In Clearlamp, LLC v. LKQ Corporation, No. 12-cv-2533 (N.D. Ill.) (Mar. 18, 2016), the defendant, LKQ, filed an IPR petition that the PTAB instituted on grounds that included a combination of certain prior art. The PTAB subsequently issued a final written decision that some of Clearlamp's patent claims were unpatentable, but the PTAB also found that LKQ had not met its burden to demonstrate unpatentability as to other claims.

Back in district court, LKQ attacked the remaining claims by combining the prior art used during the IPR with a datasheet for a "UVHC3000" product that LKQ obtained through third party discovery after the IPR was completed. On summary judgment, Clearlamp argued that LKQ was estopped from presenting the same prior art combination as in the IPR along with the supplemental datasheet, because, according to Clearlamp, § 315(e)(2) estops the assertion of "redundant" grounds, i.e., grounds based on the same reasoning, in district court, and because the UVHC3000 product was known to LKQ prior to its IPR petition.
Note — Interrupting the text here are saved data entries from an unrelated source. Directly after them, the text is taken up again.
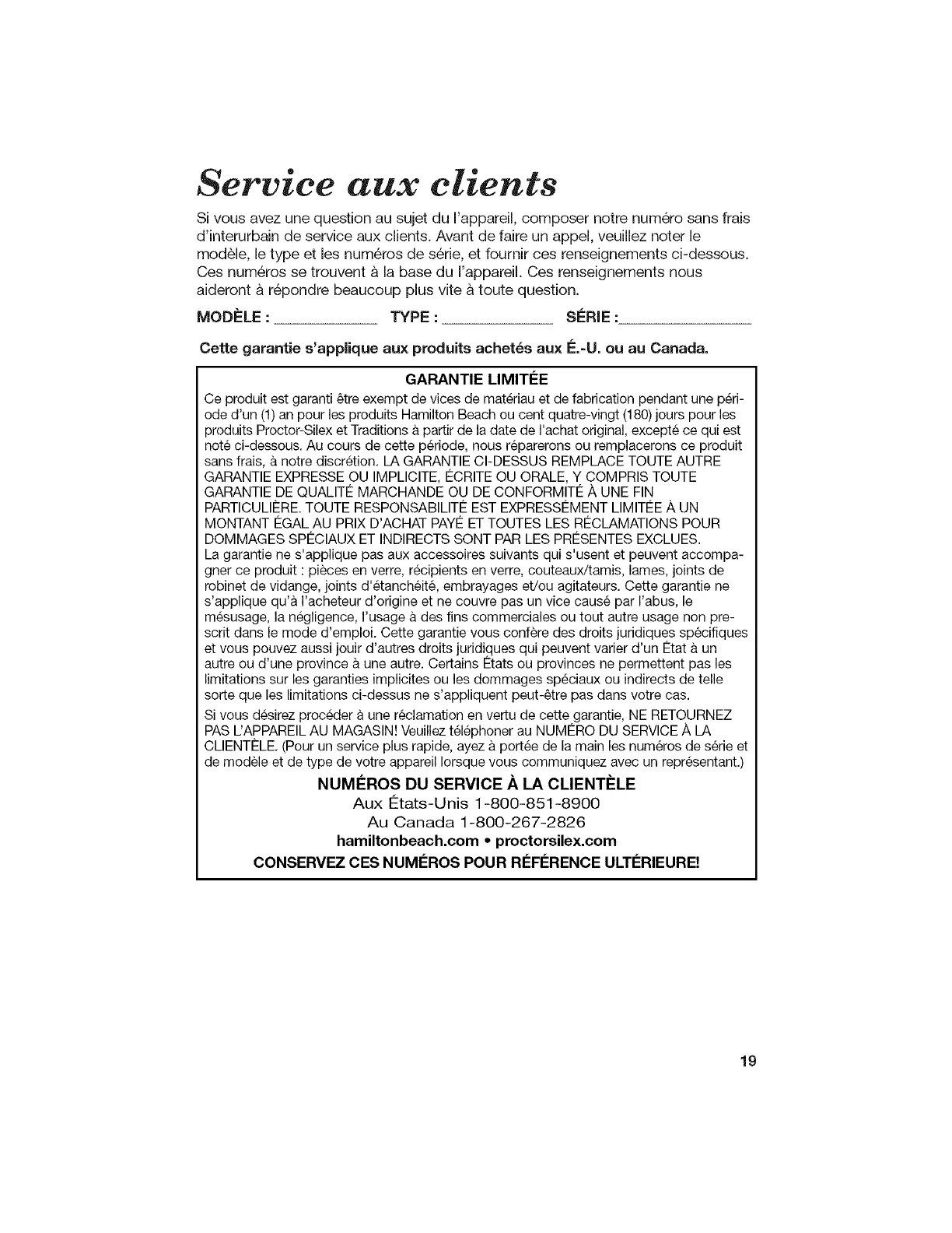 ode d'un (1) an pour les produits Hamilton Beach ou cent quatre-vingt (180) jours pour les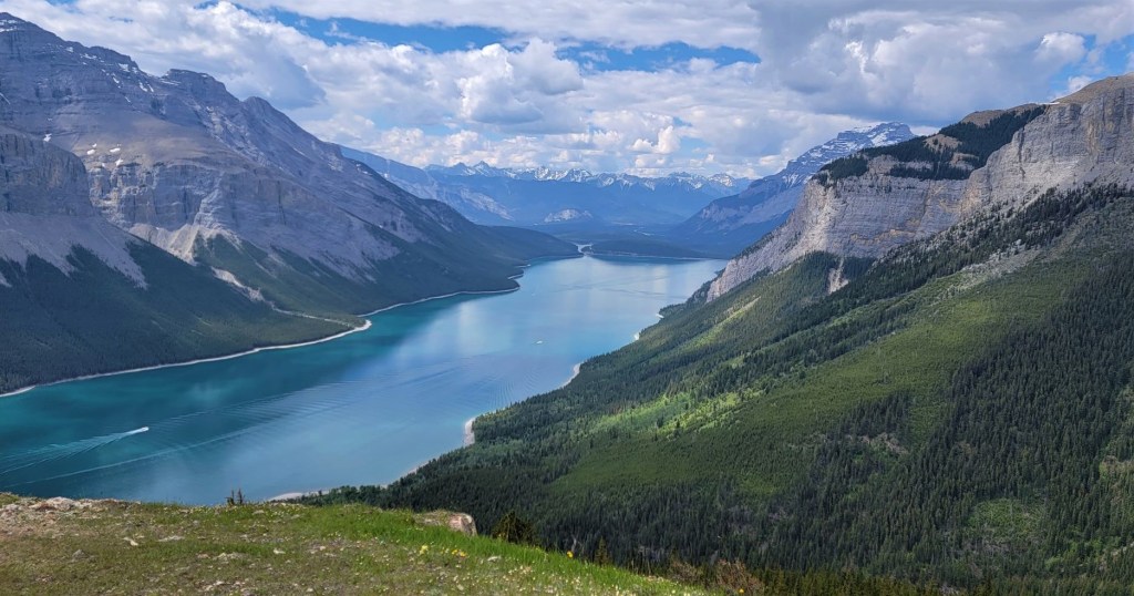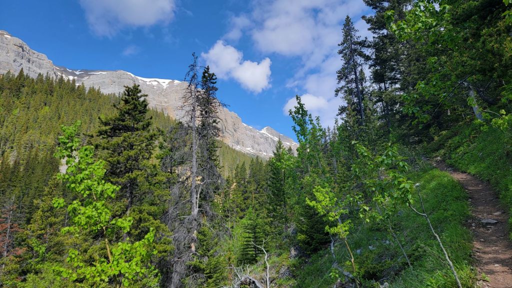 I like to be in the mountains on Fridays to avoid the crowds, and assess conditions for anyone not as fortunate as me to have a flexible schedule. I knew that it was Canada Day and a long weekend, but somehow it didn’t register that it would be busier than usual in the mountains. My first hint was the traffic driving west! It was like a busy Saturday morning. Good thing I left fairly early. When I arrived at the Lake Minnewanka parking lot just after 8:00 am, I had my pick of spots. By the time I returned though, it was a zoo with cars circling.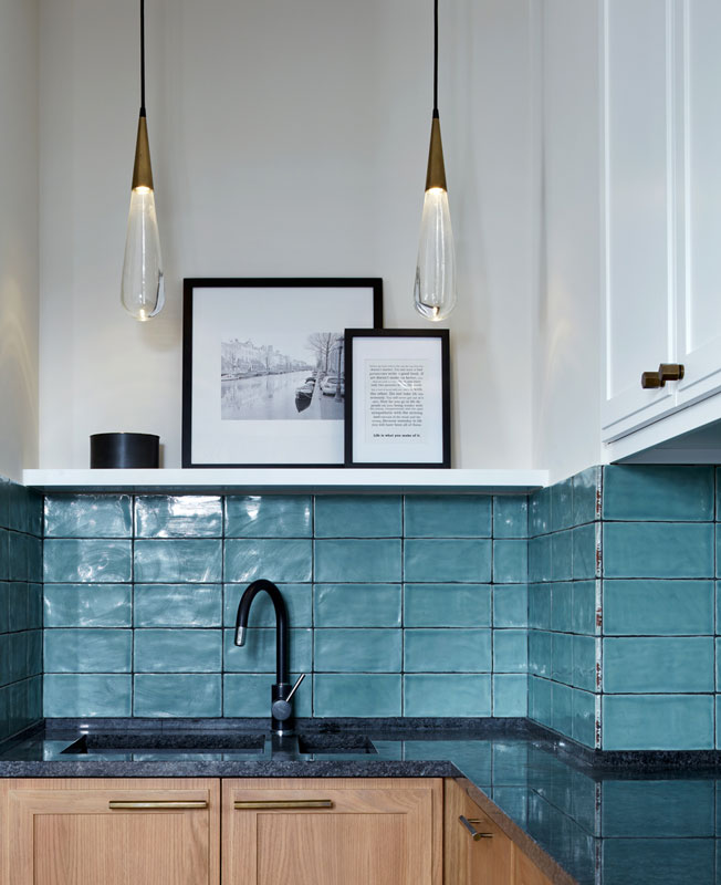 На кухне фартук из керамической плитки ручной работы от Original Style. Подвесные светильники Handle Studio.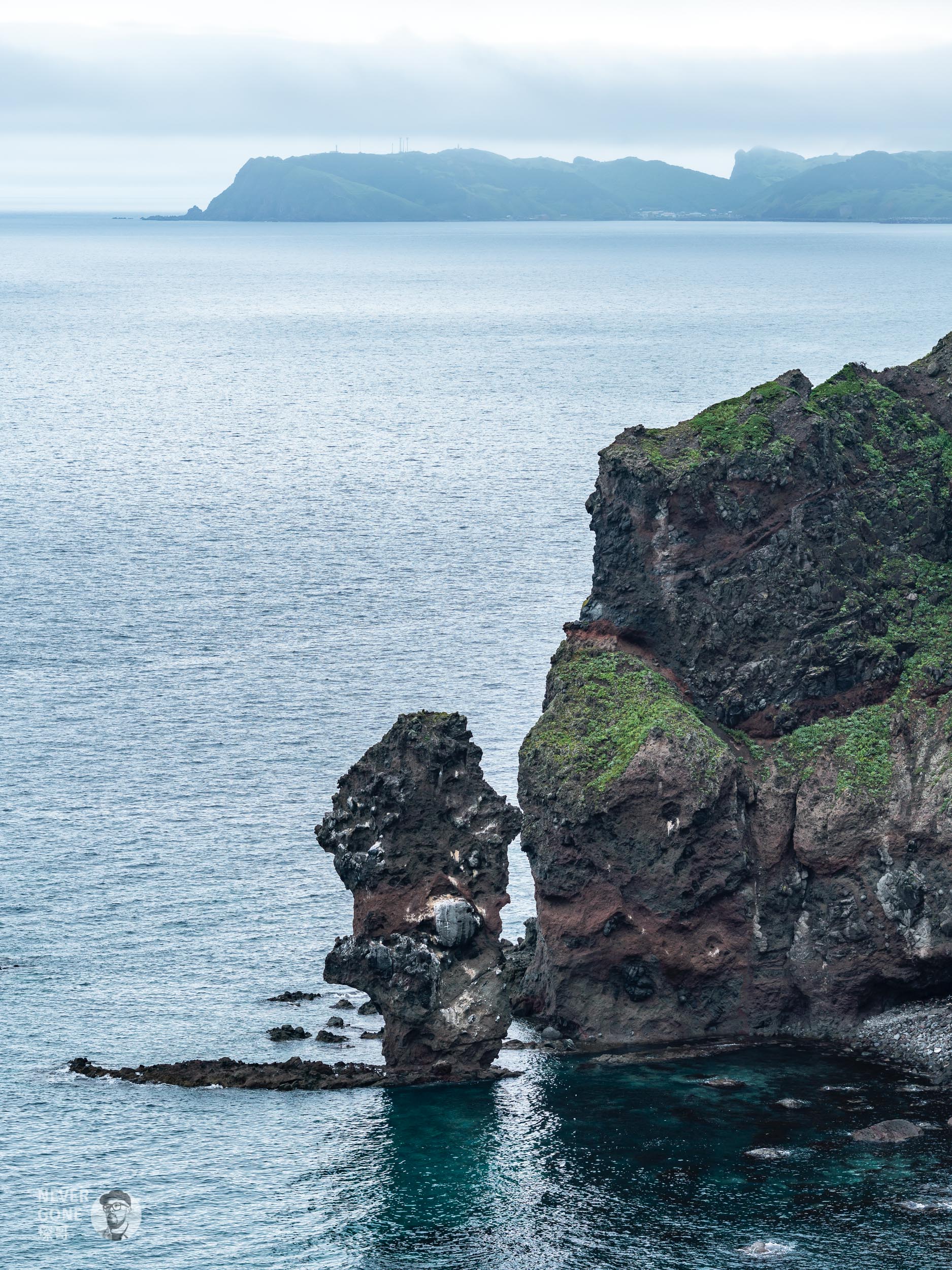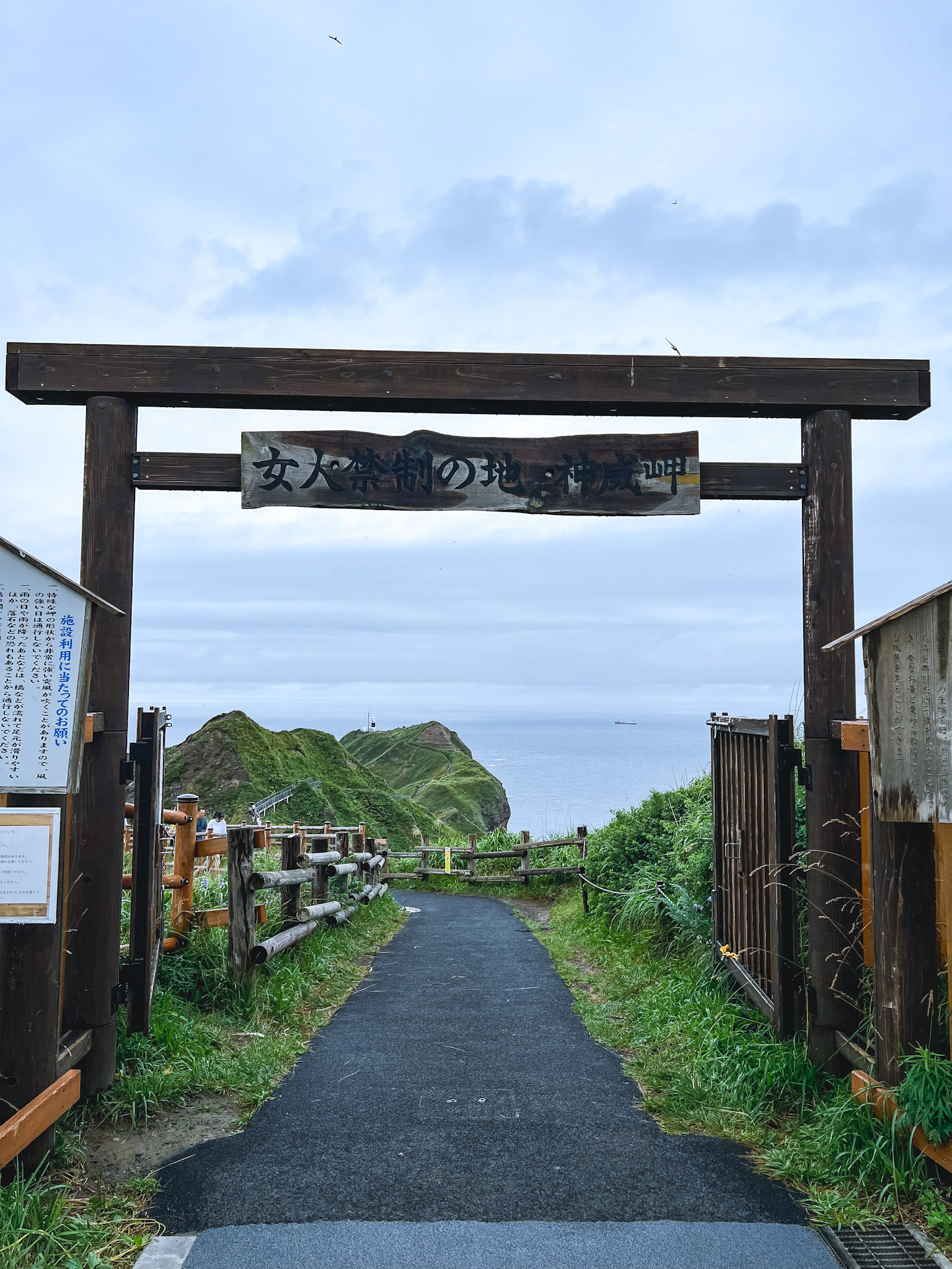 神威岬只有夏季风小的时候会开放大门。这个“女人禁止の地”牌匾背后有一个传说:先前此处原住民首领的女儿被心爱的男人抛弃后,一路追到了神威岬。看着自己心爱的人坐船离开,她留下了一个诅咒“但凡过往的日本船中乘有女性,一定会翻船沉没”。说完便跳入大海,化身为神威岩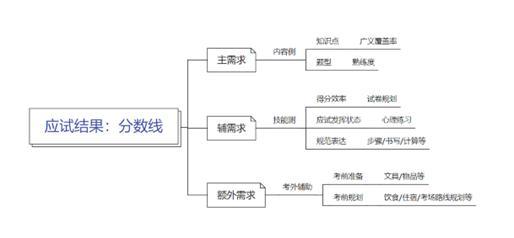接下来我们一起来尝试着将市面上绝大多数的考试达线看作一个任务进行拆解时其所涉及的内容通常可以分为三个维度,在我们产品的视角下也可以看成是三类需求:(见下图)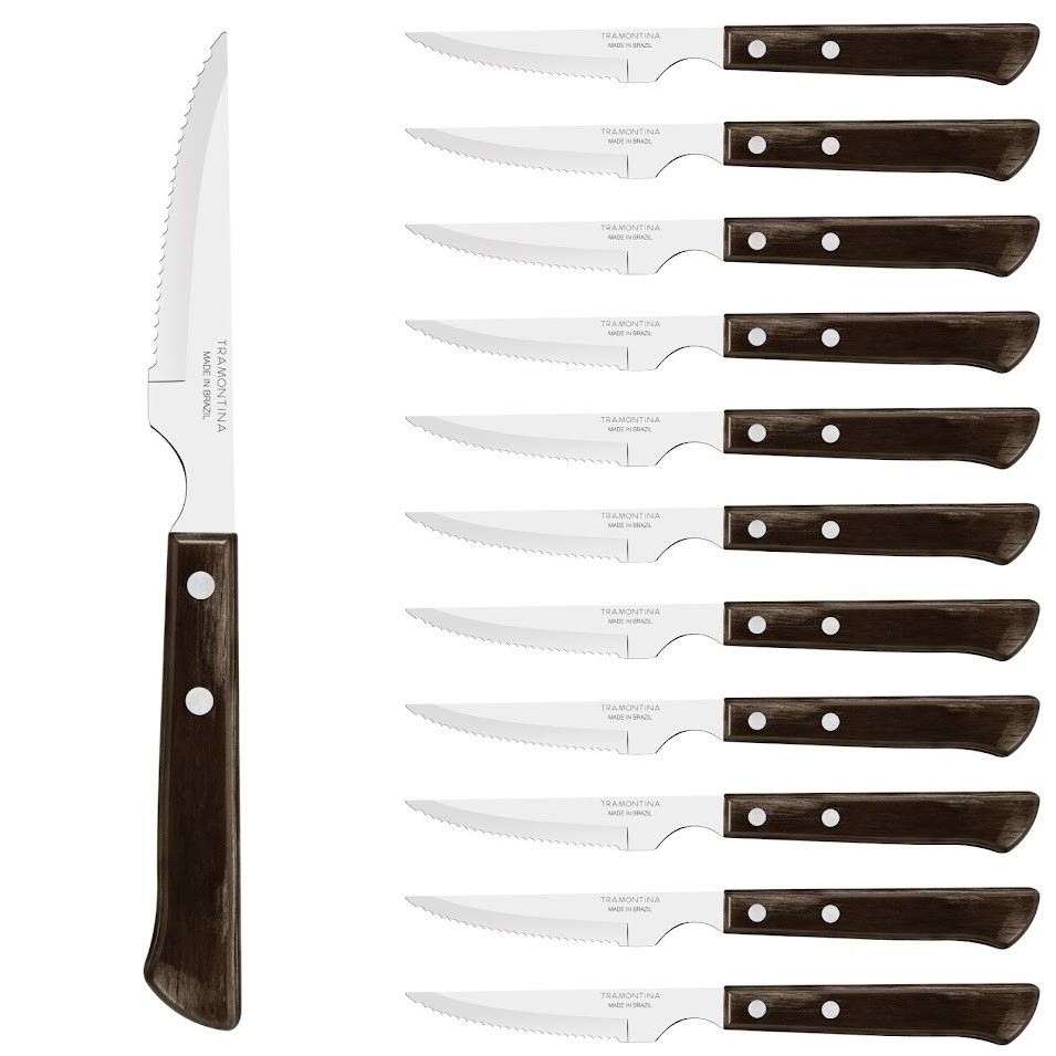 Titre optimisé | TRAMONTINA- Ensemble 12 Couteaux à Steak Spanish 22cm marron- Inox et Technobois – Précision de coupe, Résistance et élégance, Tranchant exceptionnel, Passage au lave-vaisselle, couteaux de table |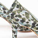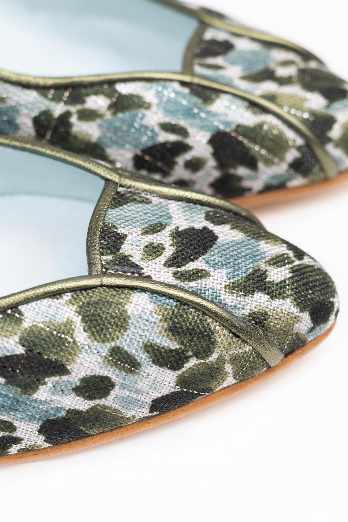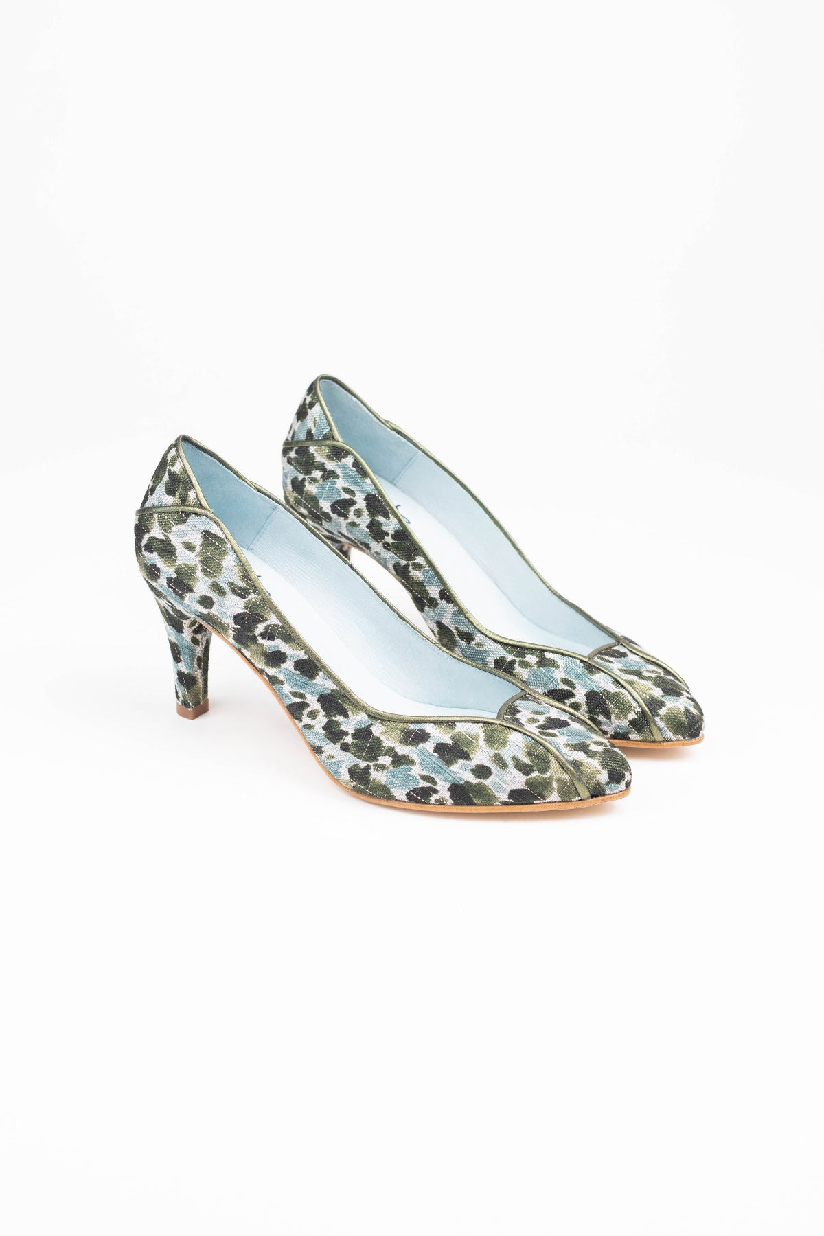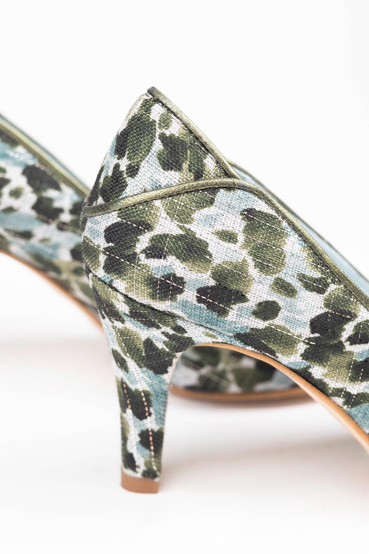 Munich Caza es un clásico salón en arpillera estampada en tonos verdes. Este diseño presenta cuatro piezas muy bien diferenciadas: puntera, laterales y talonera, todos divididos por ribetes de piel tornasoalda, que le confieren una línea muy elegante y una trasera distinguida.

The district court first found that § 315(e) does not estop grounds merely because they are "redundant" of grounds asserted in the IPR. The district court noted, by the language of statute:

[t]he relevant inquiry. . . is not whether the ground is redundant of a ground that was asserted but, rather, whether the ground reasonably could have been raised [emphasis added]. Merely being redundant to a ground that could have been asserted during inter partes review does not estop the alleged infringer from relying upon a ground based upon prior art that was not reasonably available during inter partes review.

In view of this standard, addressing Clearlamp's next argument, the district court found that "the datasheet can be used in civil litigation only if it could not have been found by a skilled searcher performing a diligent search." Furthermore, as the party asserting that estoppel applied, it was Clearlamp's burden to demonstrate that a skilled searcher would have located the datasheet.

The district court suggested criteria for how Clearlamp might meet its burden, namely "(1) to identify the search string and search source that would identify the allegedly unavailable prior art and (2) present evidence, likely expert testimony, why such a criterion would be part of a skilled searcher's diligent search." Finding that estoppel did not apply, the district court noted that at most Clearlamp showed that a search for "UVHC3000" yielded many results, but not the particular datasheet that LKQ obtained in third party discovery (even though the datasheet itself was once a publicly available document).

Ultimately, based on the datasheet and the PTAB's instructive reasoning, the district court granted summary judgment of invalidity as to the remaining claims.

This decision and the Federal Circuit's recent decision in Shaw Industries Group, Inc. v. Automated Creel Systems, Inc., No. 2015-1116, 2015-1119 (Fed. Cir. Mar. 23, 2016) , discussed here, appear to narrow the understood scope of § 315(e) estoppel. In particular, the Clearlamp decision highlights a potential way to revive reasoning that the PTAB considered in an IPR. Where third party discovery yields documents that are not otherwise identifiable by a skilled searcher performing a diligent search, estoppel may not apply.

Thus, defendants whose IPR petitions may not have knocked out all the asserted claims should likely explore the possibility of unearthing new information about the art that underlies the IPR grounds, or even art that my augment the IPR grounds. Conversely, the seemingly narrowing scope of § 315(e)(2)'s estoppel may cause plaintiffs to request additional restrictions in litigation stays pending the outcome of a concurrent IPR – for example, that the requestor agree to waive the assertion of § 102 and § 103 defenses should some asserted claims survive.

The content of this article is intended to provide a general guide to the subject matter. Specialist advice should be sought about your specific circumstances.